Dia menyebutkan, ada beberapa faktor yang menyebabkan pencegahan perokok anak muncul tidak mengalami kemajuan. Misalnya, tidak efektifnya pengawasan implementasi iklan rokok sesuai amanat Peraturan Pemerintah (PP) Nomor 109 Tahun 2012 tentang Pengamanan Bahan yang Mengandung Zat Adiktif Produk Tembakau bagi Kesehatan.
Pasal 27 PP No 109/2012 antara lain menyebutkan, tidak mencantumkan nama produk bersangkutan adalah rokok, tidak menggunakan kata atau kalimat menyesatkan, dan tidak menggambarkan atau menyarankan merokok memberikan manfaat bagi kesehatan.
Hasil monitor Lentera Anak pada 2015 atau tiga tahun setelah PP diundangkan menunjukkan 85 persen sekolah dikelilingi iklan rokok dari 30 merek. Hasil riset Badan Pengawas Obat dan Makanan mengungkapkan, ada kenaikan iklan rokok di media dari 69.244 pada 2015 menjadi 85.815 tahun 2016.
Lisda mengakui, sudah banyak lahir perda terkait kawasan tanpa rokok. Dia memperkirakan ada 200-an perda. Akan tetapi, hal terpenting adalah sejauh mana pengawasan pelaksanaan perda tersebut.

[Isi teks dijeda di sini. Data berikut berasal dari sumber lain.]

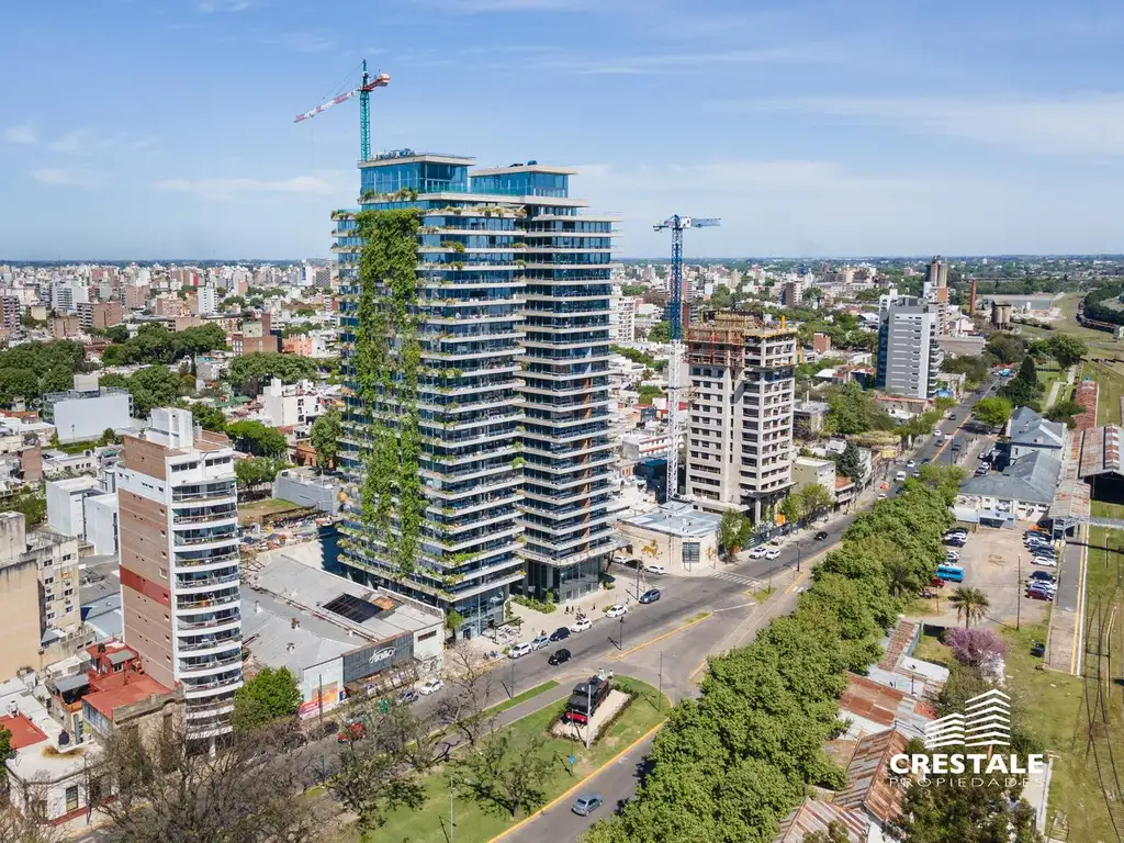 Oficinas en primer y segundo piso con ingreso independiente por escaleras. Piso exclusivo con ventanales al Norte sobre Av. Rivadavia. Espacios amplios, luminosos y modernos; Planta baja en triple altura con propuesta comercial y gastronómica; Paseo arbolado con calles vehiculares y peatonales; Amplios espacios verdes para la ciudad.

”Kalaupun ada perda yang mengatur pengendalian iklan rokok, penekanan kami tetap sama, yaitu mekanisme pengawasan. Kami menuntut agar ada revisi PP No 109/2012 karena terbukti tidak efektif. Misalnya, adanya substansi sanksi pidana ringan kepada orang yang merokok sembarangan,” tuturnya.
Ketua Badan Khusus Pengendalian Tembakau Ikatan Ahli Kesehatan Masyarakat Widyastuti Soerojo mengatakan, masyarakat umumnya melihat merokok sebagai kegiatan yang normal. Padahal, dia menilai, rokok adalah jaring bisnis adiktif.

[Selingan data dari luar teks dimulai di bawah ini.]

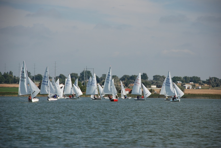 Nineteen boats battled in the typical Colorado summer winds, which were mostly light and variable on both days. In the second race the wind dropped so far that half the fleet ended up having to be scored TLE (time limit expired).

”Industri apa pun sektornya pasti mempunyai strategi memperluas pangsa pasarnya, termasuk melalui cara beriklan. Oleh karena itu, masyarakat semestinya jangan hanya mendorong perda terkait pengendalian rokok ataupun kawasan tanpa rokok. Kementerian/lembaga harus duduk bersama untuk menyamakan persepsi rokok tidak baik untuk anak-anak,” ujarnya.
Widyastuti menilai, sejauh ini, persoalan maraknya perokok usia anak masih dibahas serius oleh kementerian terkait, seperti Kementerian Pemberdayaan Perempuan dan Anak serta Kementerian Kesehatan. Dia berharap, Kementerian Koordinator Bidang Perekonomian turut serta diajak mencegah lebih banyak anak jadi perokok.